Required action ▸ Output only the lines below that start at the line containing "在当今社交媒体蓬勃发展的时代" and end at the line containing "What is more, there", with both ends kept.

Data entries
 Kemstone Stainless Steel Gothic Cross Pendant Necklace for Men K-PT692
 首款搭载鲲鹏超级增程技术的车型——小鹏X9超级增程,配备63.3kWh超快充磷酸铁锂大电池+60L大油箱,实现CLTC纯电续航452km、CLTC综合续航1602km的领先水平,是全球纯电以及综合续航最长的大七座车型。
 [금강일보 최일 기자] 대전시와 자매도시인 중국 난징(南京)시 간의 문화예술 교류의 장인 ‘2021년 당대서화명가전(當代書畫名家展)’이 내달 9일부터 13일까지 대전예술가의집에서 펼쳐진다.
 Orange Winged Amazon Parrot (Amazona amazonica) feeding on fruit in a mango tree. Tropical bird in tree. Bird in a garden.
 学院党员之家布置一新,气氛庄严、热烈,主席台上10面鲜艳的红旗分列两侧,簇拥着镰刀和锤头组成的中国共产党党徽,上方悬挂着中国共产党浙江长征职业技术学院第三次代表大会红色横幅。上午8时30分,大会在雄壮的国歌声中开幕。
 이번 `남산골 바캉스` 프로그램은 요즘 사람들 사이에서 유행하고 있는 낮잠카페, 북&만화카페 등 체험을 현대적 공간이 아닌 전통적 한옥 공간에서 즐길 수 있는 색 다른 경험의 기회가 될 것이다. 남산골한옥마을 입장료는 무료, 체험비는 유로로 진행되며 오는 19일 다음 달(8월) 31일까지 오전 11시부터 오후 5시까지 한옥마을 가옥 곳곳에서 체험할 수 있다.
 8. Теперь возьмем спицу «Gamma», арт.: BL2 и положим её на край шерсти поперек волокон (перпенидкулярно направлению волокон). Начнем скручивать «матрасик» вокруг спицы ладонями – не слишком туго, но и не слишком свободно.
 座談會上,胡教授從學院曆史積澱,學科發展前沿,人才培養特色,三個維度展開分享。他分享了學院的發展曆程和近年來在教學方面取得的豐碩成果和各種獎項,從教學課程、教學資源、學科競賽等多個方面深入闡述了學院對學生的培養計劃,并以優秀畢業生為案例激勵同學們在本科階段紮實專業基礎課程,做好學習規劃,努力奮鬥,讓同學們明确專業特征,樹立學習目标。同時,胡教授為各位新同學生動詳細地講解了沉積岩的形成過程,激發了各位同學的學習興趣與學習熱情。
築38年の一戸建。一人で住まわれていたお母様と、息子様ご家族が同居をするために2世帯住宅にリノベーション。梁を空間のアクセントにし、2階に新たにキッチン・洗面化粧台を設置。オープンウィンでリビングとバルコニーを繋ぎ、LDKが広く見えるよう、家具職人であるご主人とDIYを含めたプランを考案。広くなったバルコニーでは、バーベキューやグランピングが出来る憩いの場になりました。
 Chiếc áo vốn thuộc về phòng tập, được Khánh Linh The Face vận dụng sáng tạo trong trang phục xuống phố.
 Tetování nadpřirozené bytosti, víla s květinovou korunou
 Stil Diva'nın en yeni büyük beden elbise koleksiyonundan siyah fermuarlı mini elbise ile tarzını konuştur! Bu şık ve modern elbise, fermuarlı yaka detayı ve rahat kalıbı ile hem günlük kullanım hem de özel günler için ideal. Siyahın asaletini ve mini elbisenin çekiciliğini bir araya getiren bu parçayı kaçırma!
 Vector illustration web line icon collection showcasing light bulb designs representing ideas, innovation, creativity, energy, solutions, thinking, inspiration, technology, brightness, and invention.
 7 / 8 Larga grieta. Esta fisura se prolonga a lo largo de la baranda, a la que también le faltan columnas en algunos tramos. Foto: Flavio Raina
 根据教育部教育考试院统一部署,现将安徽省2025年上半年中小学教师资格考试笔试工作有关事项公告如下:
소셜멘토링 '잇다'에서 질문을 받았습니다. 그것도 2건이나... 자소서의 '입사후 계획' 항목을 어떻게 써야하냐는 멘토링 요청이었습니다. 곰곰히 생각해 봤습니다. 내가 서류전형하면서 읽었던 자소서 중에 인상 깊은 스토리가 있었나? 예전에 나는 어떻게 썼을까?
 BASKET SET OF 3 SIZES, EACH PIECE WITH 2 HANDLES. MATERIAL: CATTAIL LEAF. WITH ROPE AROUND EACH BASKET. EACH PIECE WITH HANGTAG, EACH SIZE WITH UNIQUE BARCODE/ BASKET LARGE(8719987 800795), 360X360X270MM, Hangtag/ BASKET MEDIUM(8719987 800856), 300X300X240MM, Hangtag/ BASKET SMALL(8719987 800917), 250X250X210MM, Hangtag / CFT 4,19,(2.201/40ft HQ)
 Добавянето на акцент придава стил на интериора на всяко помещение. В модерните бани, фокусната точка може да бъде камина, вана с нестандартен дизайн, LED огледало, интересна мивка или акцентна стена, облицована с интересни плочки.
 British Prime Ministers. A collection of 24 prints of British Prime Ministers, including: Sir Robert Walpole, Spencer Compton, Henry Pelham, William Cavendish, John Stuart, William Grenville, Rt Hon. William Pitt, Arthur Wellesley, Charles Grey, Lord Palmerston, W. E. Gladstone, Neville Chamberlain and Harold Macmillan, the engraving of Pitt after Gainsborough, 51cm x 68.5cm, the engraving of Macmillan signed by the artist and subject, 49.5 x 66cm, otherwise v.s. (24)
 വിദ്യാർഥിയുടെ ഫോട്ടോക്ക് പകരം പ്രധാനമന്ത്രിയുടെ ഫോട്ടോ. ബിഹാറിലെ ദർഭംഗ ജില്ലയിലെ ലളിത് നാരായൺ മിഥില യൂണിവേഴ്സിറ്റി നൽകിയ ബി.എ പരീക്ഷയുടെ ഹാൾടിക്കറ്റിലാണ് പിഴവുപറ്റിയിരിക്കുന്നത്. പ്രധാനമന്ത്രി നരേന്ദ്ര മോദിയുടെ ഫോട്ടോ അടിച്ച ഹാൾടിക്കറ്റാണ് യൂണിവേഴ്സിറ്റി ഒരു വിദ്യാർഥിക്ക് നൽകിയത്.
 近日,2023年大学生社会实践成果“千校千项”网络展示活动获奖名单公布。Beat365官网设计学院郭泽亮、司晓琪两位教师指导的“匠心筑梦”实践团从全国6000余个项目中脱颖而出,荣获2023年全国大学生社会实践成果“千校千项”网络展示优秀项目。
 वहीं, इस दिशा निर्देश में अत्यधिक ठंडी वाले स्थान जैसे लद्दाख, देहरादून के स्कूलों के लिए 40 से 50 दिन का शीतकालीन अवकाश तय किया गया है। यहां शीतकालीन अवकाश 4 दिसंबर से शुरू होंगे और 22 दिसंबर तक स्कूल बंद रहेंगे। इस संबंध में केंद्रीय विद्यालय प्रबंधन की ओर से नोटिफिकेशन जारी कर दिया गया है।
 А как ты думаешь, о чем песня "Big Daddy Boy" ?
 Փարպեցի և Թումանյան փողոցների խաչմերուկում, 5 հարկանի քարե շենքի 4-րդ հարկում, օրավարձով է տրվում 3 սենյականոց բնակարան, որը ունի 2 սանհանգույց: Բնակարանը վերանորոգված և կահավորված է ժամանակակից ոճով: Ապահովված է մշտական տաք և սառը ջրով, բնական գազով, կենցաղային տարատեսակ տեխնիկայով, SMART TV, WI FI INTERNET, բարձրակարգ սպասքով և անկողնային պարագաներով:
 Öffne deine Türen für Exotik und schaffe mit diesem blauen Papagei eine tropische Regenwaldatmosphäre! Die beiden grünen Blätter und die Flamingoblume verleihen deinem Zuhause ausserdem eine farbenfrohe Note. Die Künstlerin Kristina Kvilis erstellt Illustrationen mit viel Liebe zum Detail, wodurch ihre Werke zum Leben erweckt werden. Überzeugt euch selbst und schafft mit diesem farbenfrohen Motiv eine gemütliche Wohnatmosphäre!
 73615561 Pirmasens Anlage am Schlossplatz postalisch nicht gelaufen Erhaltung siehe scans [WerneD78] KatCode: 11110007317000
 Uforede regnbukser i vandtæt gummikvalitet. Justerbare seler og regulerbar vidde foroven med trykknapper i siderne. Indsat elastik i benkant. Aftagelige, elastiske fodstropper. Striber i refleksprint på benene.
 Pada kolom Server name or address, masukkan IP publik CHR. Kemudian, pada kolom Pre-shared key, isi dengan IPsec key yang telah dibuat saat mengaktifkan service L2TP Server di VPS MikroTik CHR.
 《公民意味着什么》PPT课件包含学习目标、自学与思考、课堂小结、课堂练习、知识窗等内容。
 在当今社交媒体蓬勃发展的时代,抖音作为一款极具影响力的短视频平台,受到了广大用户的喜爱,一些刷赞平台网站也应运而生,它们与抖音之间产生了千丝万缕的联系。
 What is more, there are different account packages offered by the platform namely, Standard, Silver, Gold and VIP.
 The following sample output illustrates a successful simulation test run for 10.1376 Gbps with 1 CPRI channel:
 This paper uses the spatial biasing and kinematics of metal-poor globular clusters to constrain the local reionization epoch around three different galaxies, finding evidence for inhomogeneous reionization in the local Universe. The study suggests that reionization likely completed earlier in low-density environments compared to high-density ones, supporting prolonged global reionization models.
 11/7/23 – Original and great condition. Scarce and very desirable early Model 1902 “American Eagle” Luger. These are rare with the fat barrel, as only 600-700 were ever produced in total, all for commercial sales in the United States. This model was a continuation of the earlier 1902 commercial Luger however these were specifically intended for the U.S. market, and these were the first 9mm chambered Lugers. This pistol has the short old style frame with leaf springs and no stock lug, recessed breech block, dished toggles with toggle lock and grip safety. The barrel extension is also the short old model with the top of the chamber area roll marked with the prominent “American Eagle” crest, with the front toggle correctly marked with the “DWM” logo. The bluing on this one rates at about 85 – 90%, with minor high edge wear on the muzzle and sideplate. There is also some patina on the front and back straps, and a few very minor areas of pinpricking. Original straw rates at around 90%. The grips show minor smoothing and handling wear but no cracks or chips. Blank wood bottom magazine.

Expected output ▸
 在当今社交媒体蓬勃发展的时代,抖音作为一款极具影响力的短视频平台,受到了广大用户的喜爱,一些刷赞平台网站也应运而生,它们与抖音之间产生了千丝万缕的联系。
 What is more, there are different account packages offered by the platform namely, Standard, Silver, Gold and VIP.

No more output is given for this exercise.